Court of Appeals of Texas, Corpus Christi
Nov 21, 1991
818 S.W.2d 146 (Tex. App. 1991)

Summary

recognizing that no abuse of discretion exists where appellate judge would decide a matter differently

Summary of this case from Borden, Inc. v. Martinez

Opinion

No. 13-90-421-CV.

October 10, 1991. Rehearing Overruled November 21, 1991.

Appeal from the 275th District Court, Hidalgo County, Juan R. Partida, J.

John R. Griffith, William M. Mills, Atlas Hall, McAllen, for appellant.

Douglas S. Malany, Barron, Orendain, Malany Flanagan, McAllen, for appellees.

Before NYE, C.J., and HINOJOSA, and DORSEY, JJ.


OPINION


The issue this appeal presents is whether the trial court abused its discretion in awarding excessively high guardian ad litem fees to several attorneys appointed to represent minor siblings of children killed in the tragic collision between a Valley Coca-Cola truck and a bus. We affirm in part and suggest a remittitur.

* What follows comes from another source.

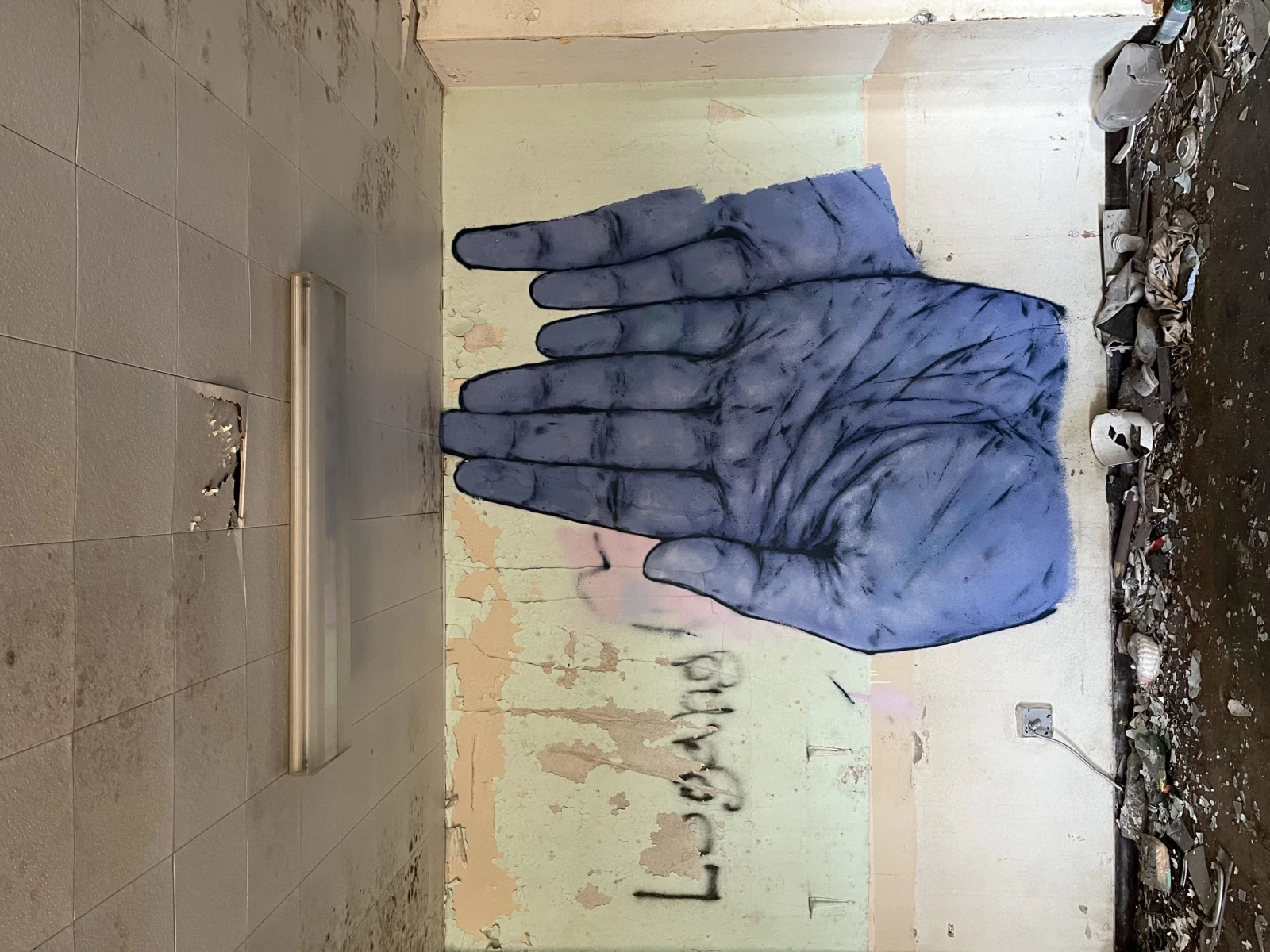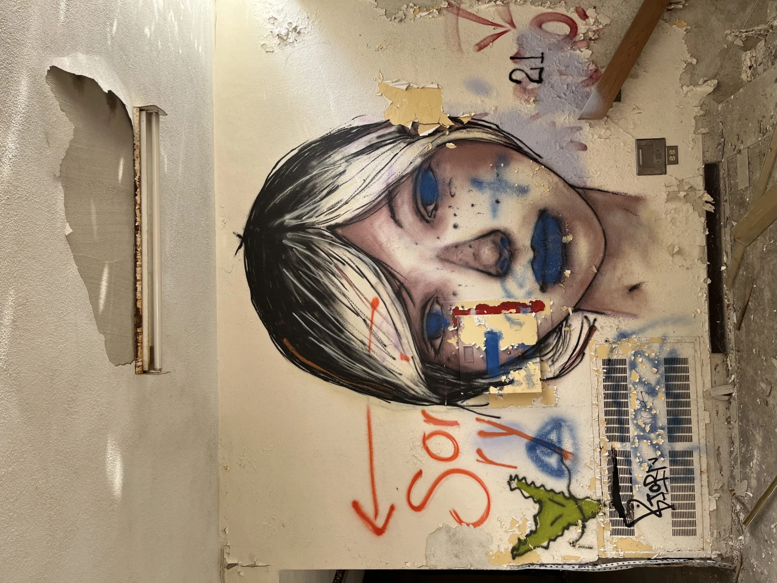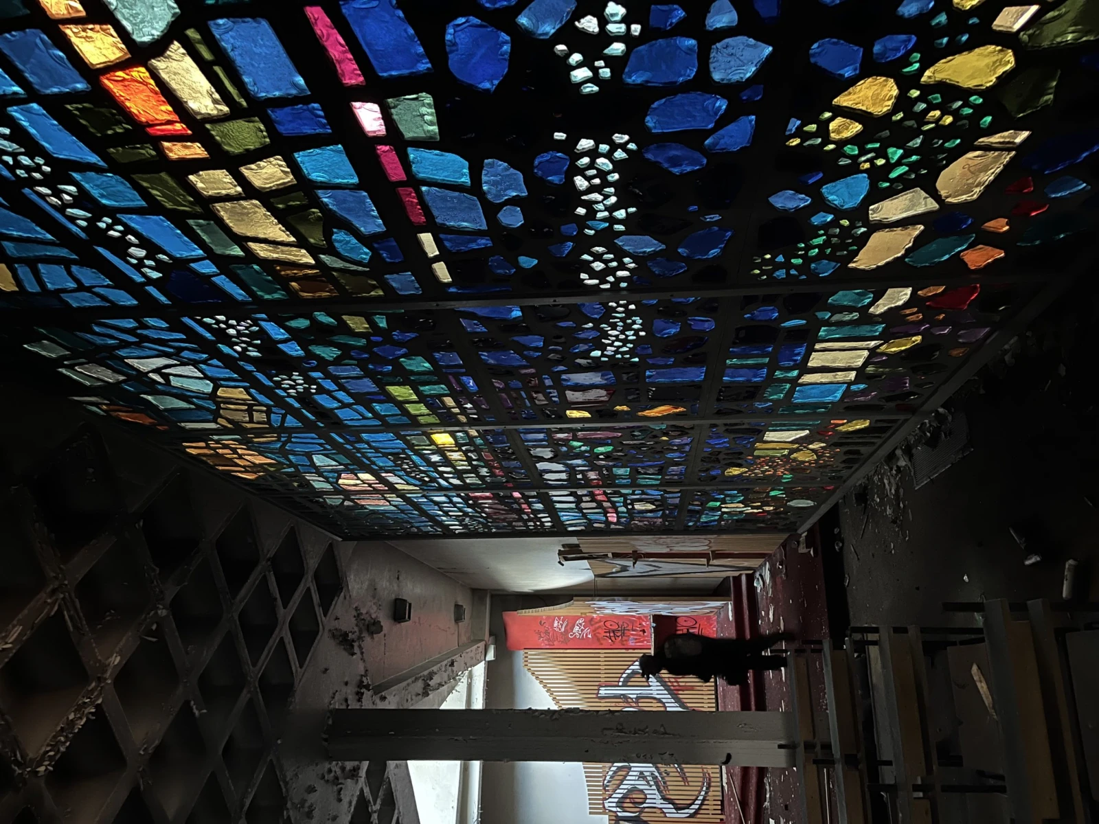 Le spectacle a l’intérieur ferait rougir d’envie les responsables des décors de shows post-apocalyptiques. Au deuxième étage, de longs couloirs garnis de graffitis, tags et autres fresques surplombent une cour intérieure verdoyante et remplie de morceaux de vitre fracassée. Les plafonds et les murs en décomposition laissent voir leurs entrailles en poutres et gyproc moisi tandis que des débris et des déchets jonchent le sol.

The now infamous collision occurred on September 21, 1989, when a delivery truck owned by Valley Coca-Cola Bottling Co. struck a school bus. The bus skidded off the road into a caliche pit full of water. Twenty-one children were killed; many had minor siblings.

Numerous lawsuits were filed. Twelve of these cases settled. The trial court appointed twenty-four guardians ad litem to represent the siblings of these twelve deceased children. See TEX.R.CIV.P. 173. Although under current law these siblings do not have a "bystander" cause of action because they were not present at the scene of the accident, and a future cause of action, if recognized, could be held prospective only, various sums were awarded to them in consideration for full release of all potential causes of action arising out of the accident. These sums were placed in trust for the minor siblings.

See Hastie v. Rodriguez, 716 S.W.2d 675, 676 (Tex.App. — Corpus Christi 1986, writ ref'd n.r.e.) (recovery for mental anguish is allowed if the plaintiff is closely related to the victim and present at the accident scene.).

See e.g. Reagan v. Vaughn, 804 S.W.2d 463, 467-68 (Tex. 1990).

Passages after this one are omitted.